These results however vary for each unique combination of starting conditions, as is apparent in the differences between plots B and C, in which soil PAWC was 120mm and 190mm respectively. The ability to predict the optimal management strategies at planting is abated by an increase in PAWC as shown by the curves for the adaptive strategies a) and b) being closer to perfect knowledge (black line) for shallow soils compared to deeper soils. This is likely due to the relative influence of in-crop precipitation. For the lower water holding soils, in-crop rain is more often lost to runoff or drainage and in greater quantities compared to soils with larger PAWCs. Therefore predicting an optimal management strategy at planting, when amount and timing of in-crop rain in unknown, is less successful when it has the most influence over yields.
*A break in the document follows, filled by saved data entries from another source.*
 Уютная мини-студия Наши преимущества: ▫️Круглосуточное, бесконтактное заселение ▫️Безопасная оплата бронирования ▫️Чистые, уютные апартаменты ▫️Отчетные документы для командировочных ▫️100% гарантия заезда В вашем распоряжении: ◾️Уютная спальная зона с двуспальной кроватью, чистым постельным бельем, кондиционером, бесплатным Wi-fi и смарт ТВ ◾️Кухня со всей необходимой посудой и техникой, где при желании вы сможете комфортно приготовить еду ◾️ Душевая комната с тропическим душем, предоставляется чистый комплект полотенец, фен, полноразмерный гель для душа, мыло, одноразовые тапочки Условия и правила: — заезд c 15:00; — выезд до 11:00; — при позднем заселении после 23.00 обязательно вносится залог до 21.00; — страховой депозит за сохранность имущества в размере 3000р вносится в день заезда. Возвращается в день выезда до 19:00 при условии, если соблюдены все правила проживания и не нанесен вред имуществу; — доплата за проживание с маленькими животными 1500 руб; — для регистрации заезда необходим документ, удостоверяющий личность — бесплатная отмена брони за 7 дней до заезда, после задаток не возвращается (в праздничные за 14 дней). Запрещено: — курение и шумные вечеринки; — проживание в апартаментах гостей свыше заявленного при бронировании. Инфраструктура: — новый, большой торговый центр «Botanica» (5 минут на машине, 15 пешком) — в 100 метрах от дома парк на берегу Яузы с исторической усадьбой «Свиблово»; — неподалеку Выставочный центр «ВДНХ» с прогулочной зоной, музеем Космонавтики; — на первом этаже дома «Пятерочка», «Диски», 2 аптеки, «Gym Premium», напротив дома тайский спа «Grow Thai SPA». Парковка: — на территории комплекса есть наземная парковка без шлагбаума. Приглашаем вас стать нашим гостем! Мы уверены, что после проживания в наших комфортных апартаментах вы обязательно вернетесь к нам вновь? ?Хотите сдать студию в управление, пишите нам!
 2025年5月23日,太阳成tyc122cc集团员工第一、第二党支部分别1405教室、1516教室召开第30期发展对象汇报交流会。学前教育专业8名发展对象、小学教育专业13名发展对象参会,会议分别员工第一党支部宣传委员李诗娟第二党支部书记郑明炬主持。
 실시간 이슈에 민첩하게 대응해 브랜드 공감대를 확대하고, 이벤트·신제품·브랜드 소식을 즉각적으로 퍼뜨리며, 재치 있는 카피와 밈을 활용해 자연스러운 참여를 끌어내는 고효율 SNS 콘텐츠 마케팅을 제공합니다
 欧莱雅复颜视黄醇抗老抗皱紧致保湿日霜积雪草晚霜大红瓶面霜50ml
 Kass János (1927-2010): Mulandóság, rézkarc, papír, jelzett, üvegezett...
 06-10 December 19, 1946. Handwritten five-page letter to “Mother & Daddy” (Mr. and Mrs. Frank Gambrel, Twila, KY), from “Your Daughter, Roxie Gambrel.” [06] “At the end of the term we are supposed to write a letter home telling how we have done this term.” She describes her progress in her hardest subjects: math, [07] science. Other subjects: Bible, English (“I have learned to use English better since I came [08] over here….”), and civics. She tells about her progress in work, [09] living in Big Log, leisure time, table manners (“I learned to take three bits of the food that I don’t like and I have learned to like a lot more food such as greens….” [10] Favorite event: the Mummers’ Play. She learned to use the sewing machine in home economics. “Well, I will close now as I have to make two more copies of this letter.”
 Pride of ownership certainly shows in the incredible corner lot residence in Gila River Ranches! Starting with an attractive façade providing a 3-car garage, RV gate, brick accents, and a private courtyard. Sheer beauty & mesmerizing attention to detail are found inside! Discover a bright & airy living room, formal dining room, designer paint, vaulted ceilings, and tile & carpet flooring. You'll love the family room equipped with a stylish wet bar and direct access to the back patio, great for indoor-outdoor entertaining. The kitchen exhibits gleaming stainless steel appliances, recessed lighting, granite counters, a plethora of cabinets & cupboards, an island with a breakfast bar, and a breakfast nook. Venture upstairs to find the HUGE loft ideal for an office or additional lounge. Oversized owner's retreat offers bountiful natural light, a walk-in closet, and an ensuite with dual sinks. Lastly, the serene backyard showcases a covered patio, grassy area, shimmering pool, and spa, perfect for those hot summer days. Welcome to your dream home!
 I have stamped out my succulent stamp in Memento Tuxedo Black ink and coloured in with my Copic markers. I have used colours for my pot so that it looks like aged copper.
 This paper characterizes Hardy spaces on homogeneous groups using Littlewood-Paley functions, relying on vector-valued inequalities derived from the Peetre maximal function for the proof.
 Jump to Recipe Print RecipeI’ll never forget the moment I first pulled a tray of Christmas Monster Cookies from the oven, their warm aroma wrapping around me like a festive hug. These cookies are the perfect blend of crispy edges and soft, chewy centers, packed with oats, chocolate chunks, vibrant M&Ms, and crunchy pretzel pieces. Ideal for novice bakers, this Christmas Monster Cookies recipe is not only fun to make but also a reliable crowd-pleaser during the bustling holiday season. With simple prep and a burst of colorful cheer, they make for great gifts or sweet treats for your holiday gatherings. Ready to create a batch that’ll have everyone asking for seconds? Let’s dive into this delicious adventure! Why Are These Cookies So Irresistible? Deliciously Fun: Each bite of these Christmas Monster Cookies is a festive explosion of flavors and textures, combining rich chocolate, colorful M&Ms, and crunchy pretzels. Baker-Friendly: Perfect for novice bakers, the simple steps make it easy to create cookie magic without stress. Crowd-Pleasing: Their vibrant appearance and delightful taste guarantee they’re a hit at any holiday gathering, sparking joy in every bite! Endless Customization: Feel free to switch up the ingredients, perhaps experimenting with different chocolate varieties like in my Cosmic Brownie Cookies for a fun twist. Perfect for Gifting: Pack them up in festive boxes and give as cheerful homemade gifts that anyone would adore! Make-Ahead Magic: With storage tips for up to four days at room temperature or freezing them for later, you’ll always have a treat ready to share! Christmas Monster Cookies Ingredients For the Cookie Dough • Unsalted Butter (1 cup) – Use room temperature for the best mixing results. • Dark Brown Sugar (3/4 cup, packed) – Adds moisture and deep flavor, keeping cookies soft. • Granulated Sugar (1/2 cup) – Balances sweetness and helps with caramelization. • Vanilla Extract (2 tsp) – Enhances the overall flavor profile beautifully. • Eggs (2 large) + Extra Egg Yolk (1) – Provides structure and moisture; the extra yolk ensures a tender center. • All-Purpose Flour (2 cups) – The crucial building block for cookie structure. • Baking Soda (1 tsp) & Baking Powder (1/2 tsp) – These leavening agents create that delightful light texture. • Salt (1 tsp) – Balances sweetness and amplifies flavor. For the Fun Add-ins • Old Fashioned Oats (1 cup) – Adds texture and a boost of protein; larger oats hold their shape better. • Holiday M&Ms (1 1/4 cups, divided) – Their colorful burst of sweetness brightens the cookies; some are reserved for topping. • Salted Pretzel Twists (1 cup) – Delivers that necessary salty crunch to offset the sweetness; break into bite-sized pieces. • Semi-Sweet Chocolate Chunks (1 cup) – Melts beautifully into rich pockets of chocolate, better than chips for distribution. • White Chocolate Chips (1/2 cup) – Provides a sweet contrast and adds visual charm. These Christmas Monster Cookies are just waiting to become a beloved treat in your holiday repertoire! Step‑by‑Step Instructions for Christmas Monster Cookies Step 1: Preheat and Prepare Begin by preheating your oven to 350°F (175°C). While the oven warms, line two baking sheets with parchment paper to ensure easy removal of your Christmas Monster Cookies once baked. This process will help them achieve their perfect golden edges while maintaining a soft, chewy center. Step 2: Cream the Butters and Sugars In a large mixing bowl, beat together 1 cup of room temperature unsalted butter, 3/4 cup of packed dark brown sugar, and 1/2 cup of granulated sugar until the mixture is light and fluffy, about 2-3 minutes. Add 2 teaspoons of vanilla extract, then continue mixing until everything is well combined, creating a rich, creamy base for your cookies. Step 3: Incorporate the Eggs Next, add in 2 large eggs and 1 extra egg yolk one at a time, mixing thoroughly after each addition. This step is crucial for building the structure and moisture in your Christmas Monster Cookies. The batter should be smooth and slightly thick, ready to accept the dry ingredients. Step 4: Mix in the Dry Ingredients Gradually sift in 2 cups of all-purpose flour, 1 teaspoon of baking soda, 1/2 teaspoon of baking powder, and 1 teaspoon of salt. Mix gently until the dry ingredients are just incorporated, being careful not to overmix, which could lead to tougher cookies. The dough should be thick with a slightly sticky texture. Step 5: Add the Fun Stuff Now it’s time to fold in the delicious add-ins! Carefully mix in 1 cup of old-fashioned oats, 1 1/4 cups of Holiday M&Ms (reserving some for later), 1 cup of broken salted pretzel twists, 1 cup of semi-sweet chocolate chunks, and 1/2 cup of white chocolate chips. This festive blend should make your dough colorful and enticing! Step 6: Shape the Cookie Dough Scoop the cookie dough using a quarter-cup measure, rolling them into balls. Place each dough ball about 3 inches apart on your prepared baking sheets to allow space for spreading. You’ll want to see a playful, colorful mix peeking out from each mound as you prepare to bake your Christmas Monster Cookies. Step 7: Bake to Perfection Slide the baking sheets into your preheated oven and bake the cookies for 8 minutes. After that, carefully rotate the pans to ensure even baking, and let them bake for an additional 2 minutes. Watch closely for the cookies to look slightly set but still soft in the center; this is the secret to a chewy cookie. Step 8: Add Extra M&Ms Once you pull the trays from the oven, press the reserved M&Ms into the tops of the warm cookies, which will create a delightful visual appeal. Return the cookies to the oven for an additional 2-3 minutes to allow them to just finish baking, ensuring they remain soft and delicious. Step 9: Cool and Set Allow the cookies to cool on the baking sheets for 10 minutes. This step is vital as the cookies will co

Figure 2. Cumulative probabilities showing management strategies a) speculative, b) conservative, c) traditional non-adaptive and d) perfect knowledge for all factors, soil PAWC 120mm and 190 mm.

Conclusion

Here we have shown that despite a low signal to noise ratio between sow conditions, agronomic management options and gross margins, there are benefits in using a tool such as WhopperCropper. However, here we tested the ability of historical simulations to predict the results of future independent simulations. However this does not necessarily account for the ability for simulations to predict reality.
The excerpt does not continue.